I have read that being queenless for months and smoking them a lot while doing the transfer should do the trick.
Don't see how to implement the newspaper method with a 14x12 brood box as I don't have another 14x12 brood box, and I am as well moving away from it, all my new equipment is standard national.
As well is it still too cold to do this, pulling out frames of brood and transferring them...?

A squirt of air freshener in both hives and just add the frame. Trust me it works. No failures, no fighting. It is so easy and ylet's ou move frames around willy jolly
E
 
Well ... after three frames with eggs in them (Ok - the first one was all drone eggs so let's not count that as that was me ..) so they've had two more frames - capped the brood - mainly worker brood - perfectly but no queen cells ... twice they have done this.

Went in today ... and they are docile, storing nectar and pollen like it's their last meal - not showing any signs of being queenless - but no eggs... Nix .. No laying workers - no drone brood. I really don't get it. Still plenty of bees in there and no signs of robbing.

So ..one last chance - today I have them another frame with eggs and tiny larvae - some capped worker brood on it so they will have new bees in a few days as well. After this, if they don't start trying to make a queen they are going to get combined with another hive ...

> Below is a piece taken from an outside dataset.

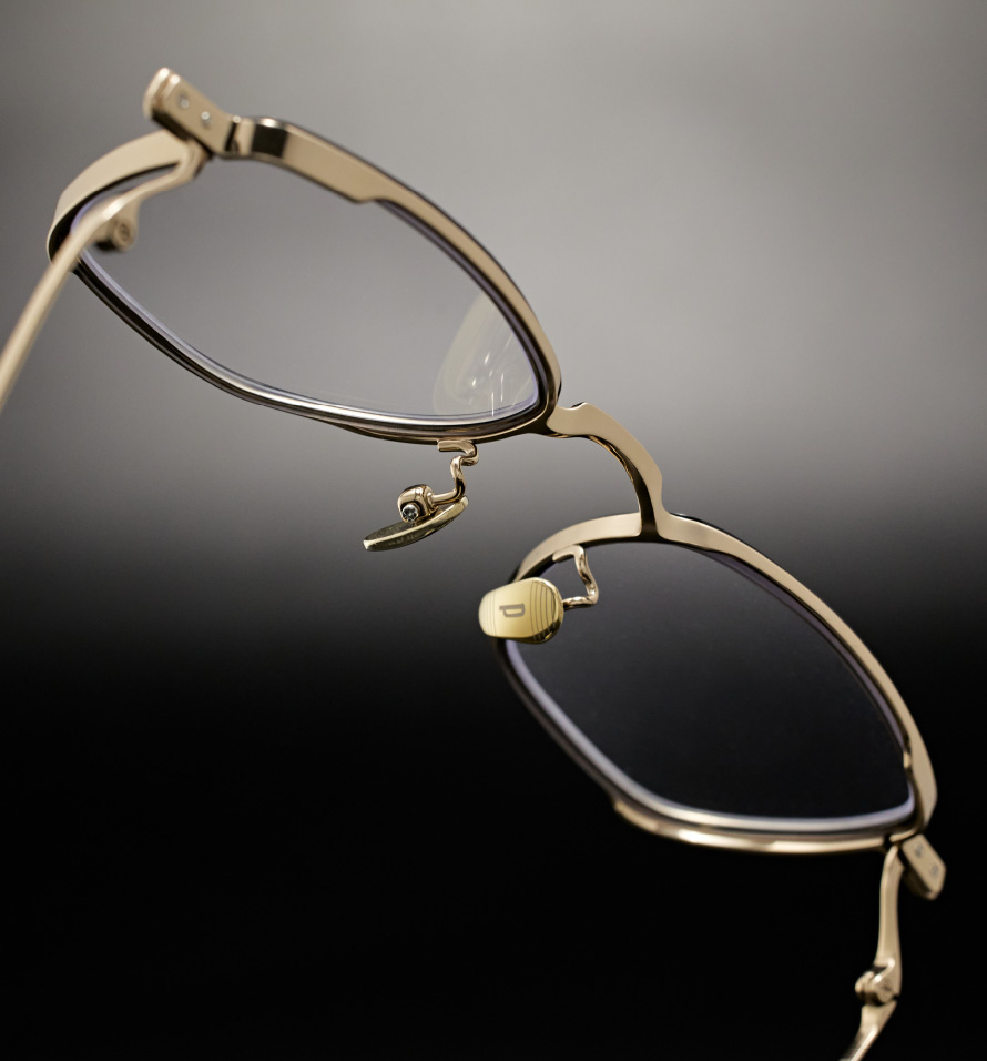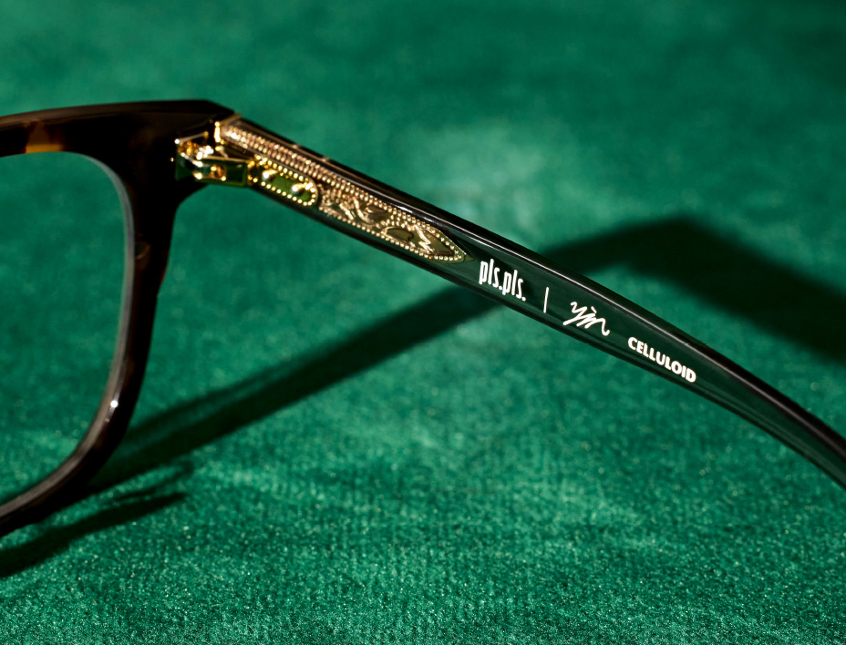 賽璐珞 Celluloid 膠框 鏡框主體選用高密度賽璐珞材質,其色澤溫潤、層次深邃。 賽璐珞具備極佳的可加工性與結構穩定度,以手工拋光賽璐珞圈面,可刻畫出銳利而清晰的邊緣線條,讓鏡框輪廓在光影中更加立體鮮明。 它也是唯一能實現本次特殊結構鏡腳設計的關鍵材料。 這不是為了復古,而是為了精準。
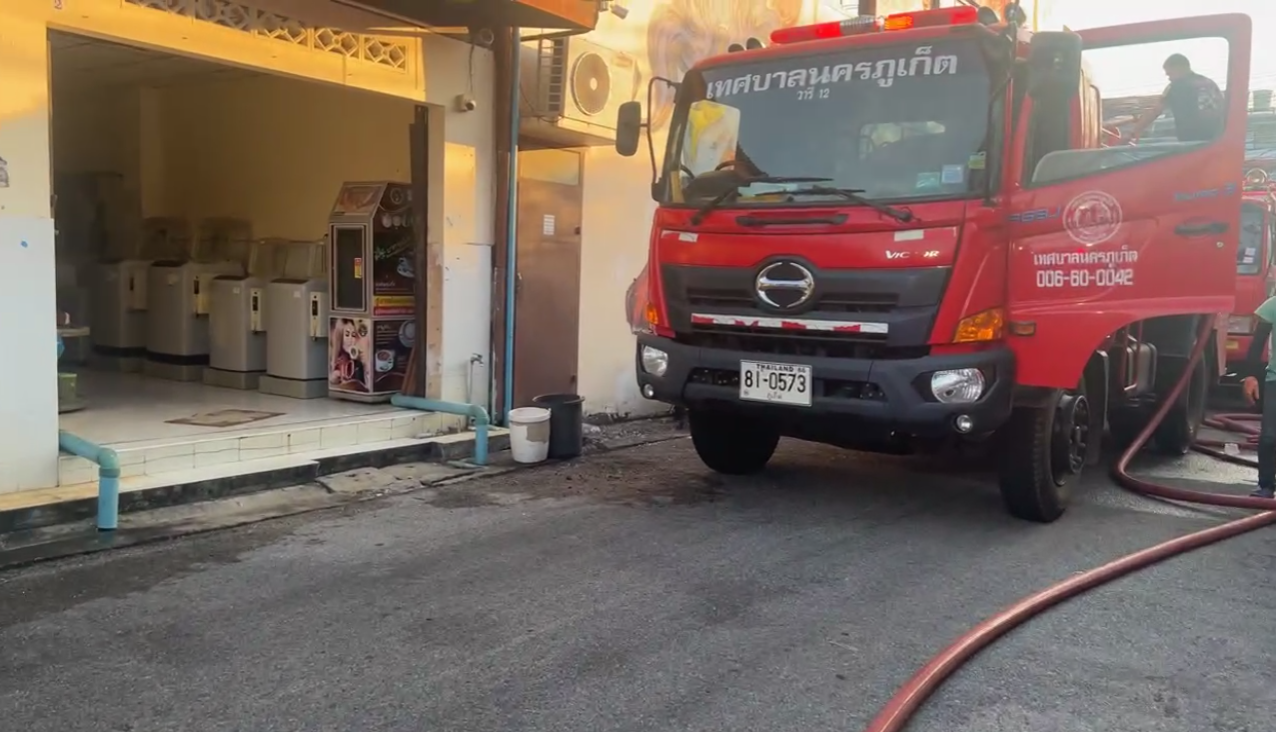 เพลิงไหม้ห้องแถวในเขตเทศบาลนครภูเก็ต เจ้าหน้าที่พร้อมด้วยรถดับเพลิง ระดมหัวฉีดน้ำเข้าระงับเหตุ จนควบคุมและเพลิงสงบในเวลาต่อมา

Perhaps they know something I don't ? Perhaps they knew it was too early for a queen to be successfully mated ? Who knows ?.. I've also been through all the other hives today and apart from two uncharged play cups there's no signs of swarming in any of them ...secretly I was rather hoping that, perhaps a queen cell or two might be of use but they haven't obliged there either.

Finished off adding second supers to all hives now - first ones very heavy but onlly about a third of each frame capped. Not been much rape around me this year and I can't smell that distinctive odour you get when they are on the rape so I'm hoping it's going to be a nice spring multifloral honey again.